Notice: The reproducibility variables underlying each score are classified using an automated LLM-based pipeline, validated against a manually labeled dataset. LLM-based classification introduces uncertainty and potential bias; scores should be interpreted as estimates. Full accuracy metrics and methodology are described in Coakley et alK. L. Coakley, T. Snelleman, H. Hoos, and O. E. Gundersen, "The embrace of open science: An analysis of a decade of AI research and 56 800 conference papers," Under Review, 2026..

Learning Interactive World Model for Object-Centric Reinforcement Learning

Authors: Fan Feng, Phillip Lippe, Sara Magliacane

NeurIPS 2025 | Venue PDF | LLM Run Details

Reproducibility Variable Result LLM Response
Research Type Experimental To evaluate the effectiveness of our proposed interactive world model and policy learning framework, we aim to address the following questions: (i) How accurately does the model learns the state disentanglement and interaction models? (ii) How well does it perform in long-horizon task learning? and (iii) How well does the framework achieve compositional generalization?
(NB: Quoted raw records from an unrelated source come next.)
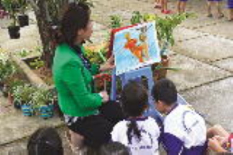 “Bên cạnh đó, mỗi lớp sẽ đảm nhận một bồn cây hoặc một góc thiên nhiên để chăm sóc, hằng ngày trẻ đều chăm chỉ ra tưới cây, nhặt rác xung quanh. Đây là bước thứ hai trong niên đồ tự lập khi trẻ vận dụng các kỹ năng để chăm sóc môi trường”, cô Hồng cho biết.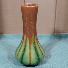 O M C Japan Brown Drippy Glaze Bud Flower Vase Mid Century 60's Ceramic 4" Tall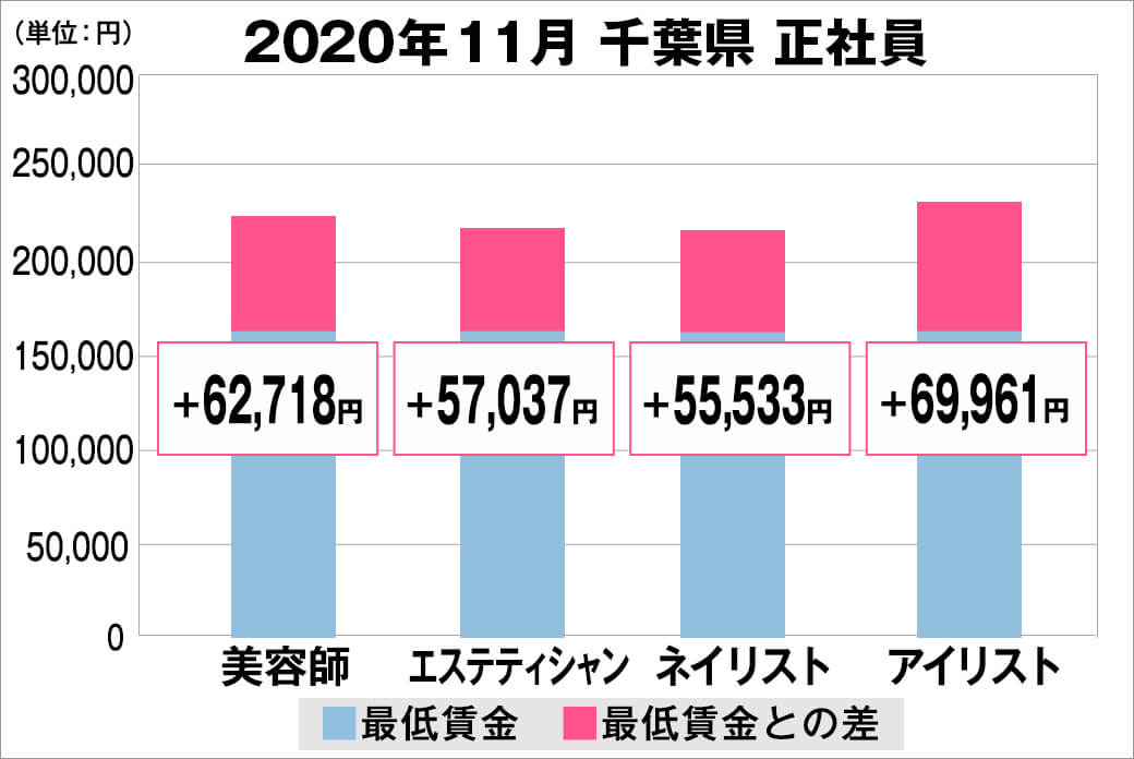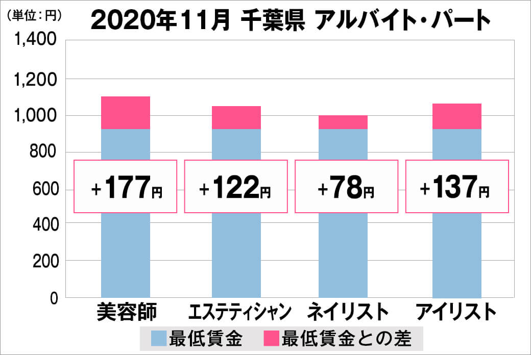 2020年11月時点で『美プロ』に掲載されている「千葉県」の「美容師・エステティシャン・ネイリスト・アイリスト」求人原稿における「正社員」「アルバイト・パート」の給料を抽出。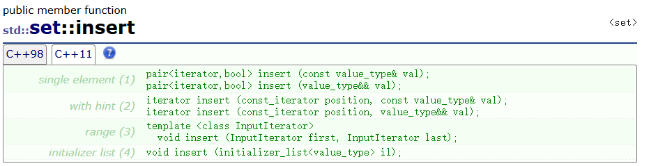 它支持插入单个元素,插入一个迭代器区间,和initializer插入。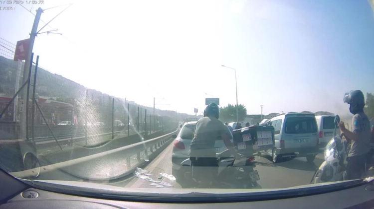 Osmangazi ilçesi İzmir Yolu Caddesi üzerinde meydana gelen olayda, yoğun trafikten kaçmak isteyen motosikletlilerintrafik kurallarını hiçe sayarak şerit değiştirdiği ve araçların arasından ilerledikleri görüldü.
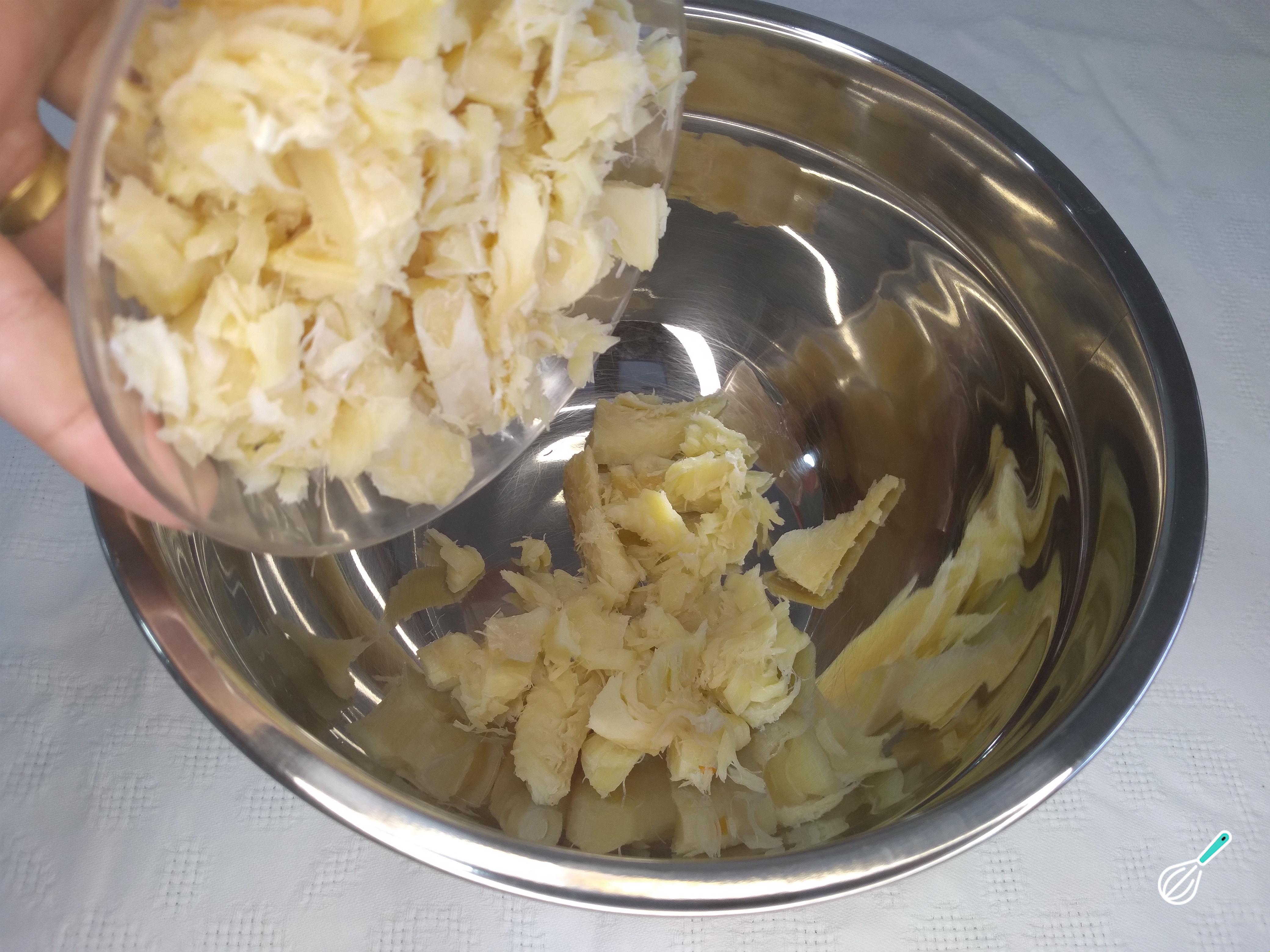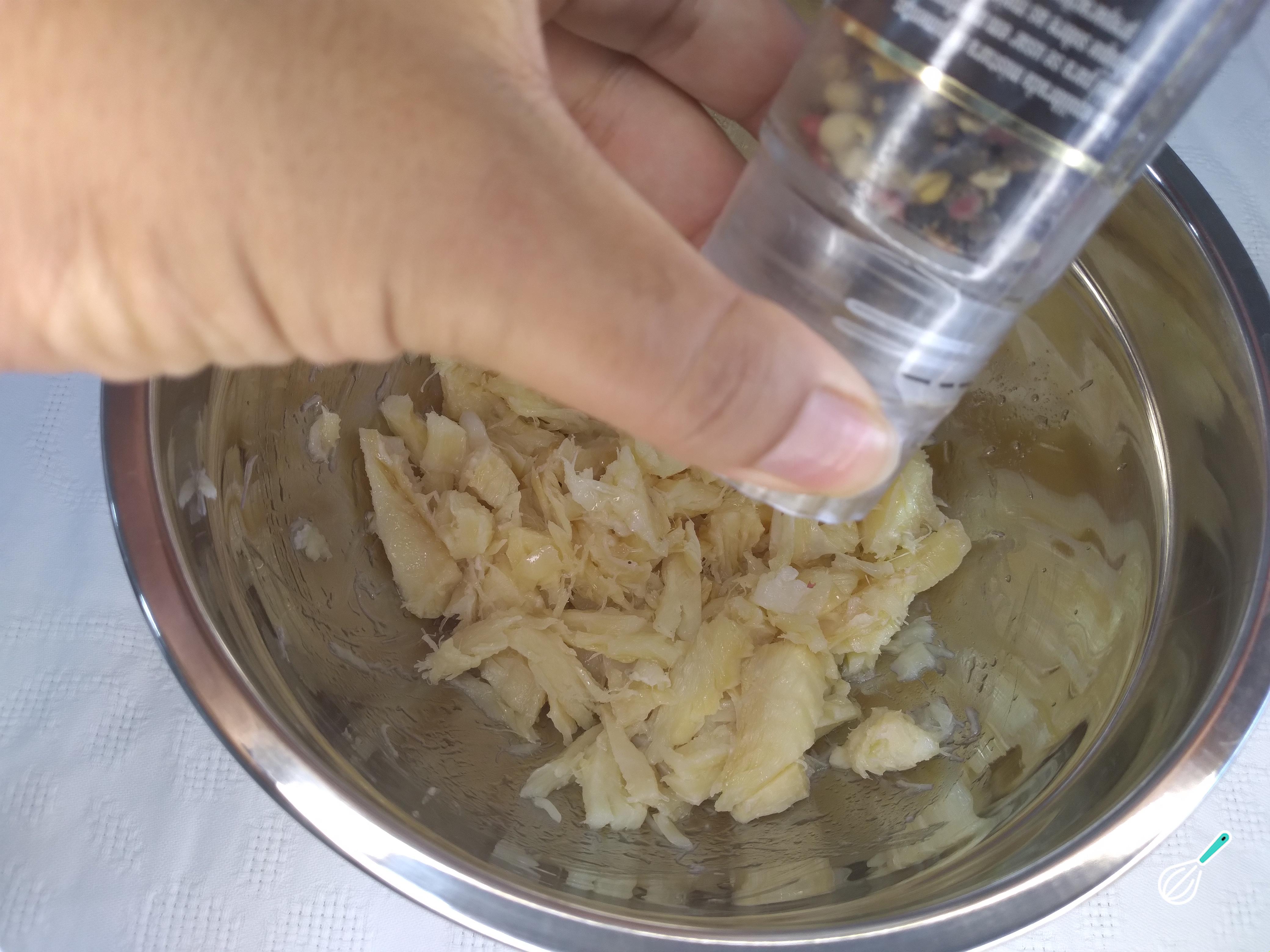 Em uma tigela, coloque o bacalhau desfiado, o azeite, esprema o limão e acrescente o suco e os temperos. Exceto a pimenta. Mexa bem para incorporar os sabores.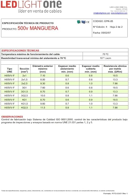 Kablo H05VV-F Hortum 3 x 1,5 mm, 15 m. Bileşim: 1 – Elektrolitik bakır iletken Sınıf 5 2 – PVC dolgu 3 – PVC izolasyon 4 – PVC kapak TM-2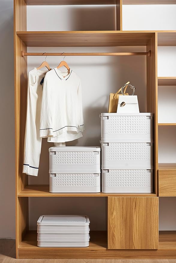積み重ね可能&多用途収納 – フタの凹み設計で複数ボックスを安定して積み重ね可能。衣類・おもちゃ・本・お菓子・日用品など幅広く整理整頓できます。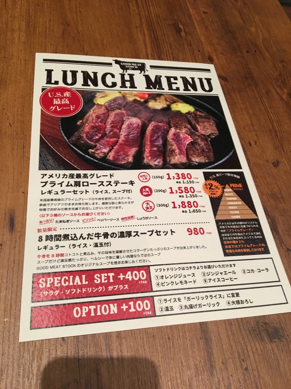 日曜日のお昼に伺いました。オフィスエリアなのでとても空いています。プライムビーフのステーキランチをオーダー。レアの状態で運ばれてくるので自分の好みの焼き加減で頂きます。200グラムしっかり食べられて満足でした。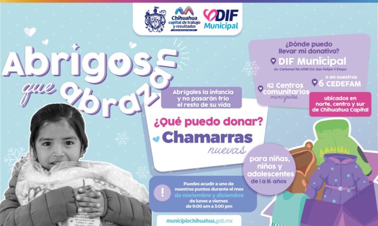 Se solicita a la ciudadanía que las chamarras a donar sean exclusivamente nuevas, a fin de llevar un abrigo digno que haga más cálido el invierno para las NNA del municipio de Chihuahua.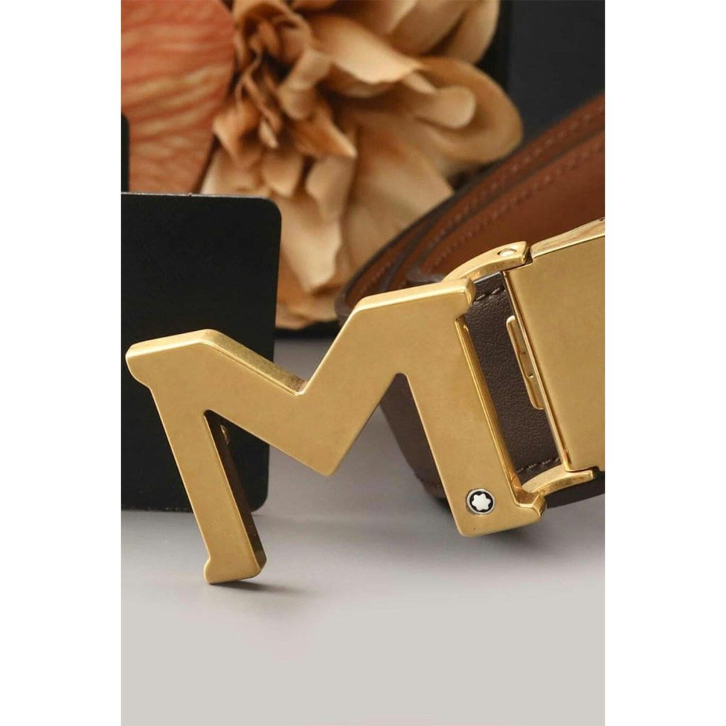 Dây đeo bằng da bò màu nâu đen bóng rất mềm mịn. Thiết kế này dành cho những người đàn ông đang tìm kiếm một cái nhìn tinh tế một mẫu thắt lưng vượt thời gian. Khóa chốt bằng thép không gỉ nguyên tấm đúc khuôn hình chữ M rất độc đáo được hoàn thiện bằng lớp vàng chống ăn mòn. Cơ chế đóng mở dễ dàng điều chỉnh độ dài theo ý muốn

To answer these questions, we evaluate our method on a range of simulated control, robotic manipulation, and embodied AI benchmarks, including Sprites World [77], Open AI-Gym Fetch [78], i Gibson [79], and Libero [80].
Researcher Affiliation Academia Fan Feng1,2 Phillip Lippe3 Sara Magliacane3 1 University of California San Diego 2 Mohamed bin Zayed University of Artificial Intelligence 3 University of Amsterdam
Pseudocode Yes Algorithm 1 FIOC-WM: Offline World Model and Online Policy Learning (Simplified)
Open Source Code No The code and data will be publicly available after acceptance.
Open Datasets Yes To answer these questions, we evaluate our method on a range of simulated control, robotic manipulation, and embodied AI benchmarks, including Sprites World [77], Open AI-Gym Fetch [78], i Gibson [79], and Libero [80].
Dataset Splits No The paper describes data collection (e.g., "collect 3000 episodes with random actions") and training steps, but does not provide explicit dataset splits (e.g., percentages or counts for training, validation, and test sets) from a single collected dataset.
Hardware Specification Yes Compute used for training the FIOC-WM: For Sprites-World, we use 3 hours on 1x NVIDIA A100; For Fetch, we use 8 hours on 6x NVIDIA 4090; For i-Gibson, we use 9 hours on 6x NVIDIA 4090; For Libero-object, we use 8 hours on 1x NVIDIA A100; For Kitchen, we use 6 hours on 1x NVIDIA A100.
Software Dependencies No The paper mentions models like DINO-v2 and R3M and framework components like MLP and GRU layers, but it does not specify version numbers for any underlying software dependencies like Python, PyTorch, TensorFlow, or CUDA.
Experiment Setup Yes For the VAE used to learn latent states, we employ a two-layer MLP with a hidden size of 256. The specific hyperparameters for different environments are detailed in Table A7. The hyperparameters for the loss terms are set as {α, β, γ, η} = {1, 0.05, 0.1, 0.2}, and the learning rate is set to 3 × 10−4. For MPC, we use gradient descent with a learning rate of 5 × 10−5. For those using PPO, we set the learning rate to 3 × 10−4 with a clip ratio of 0.1. The MLP architecture consists of hidden sizes [256, 256] for Gym-Fetch, while for other environments, we use [512, 512]. Generalized Advantage Estimation (GAE) is set to 0.95 for all environments, and the entropy coefficient is 0.1.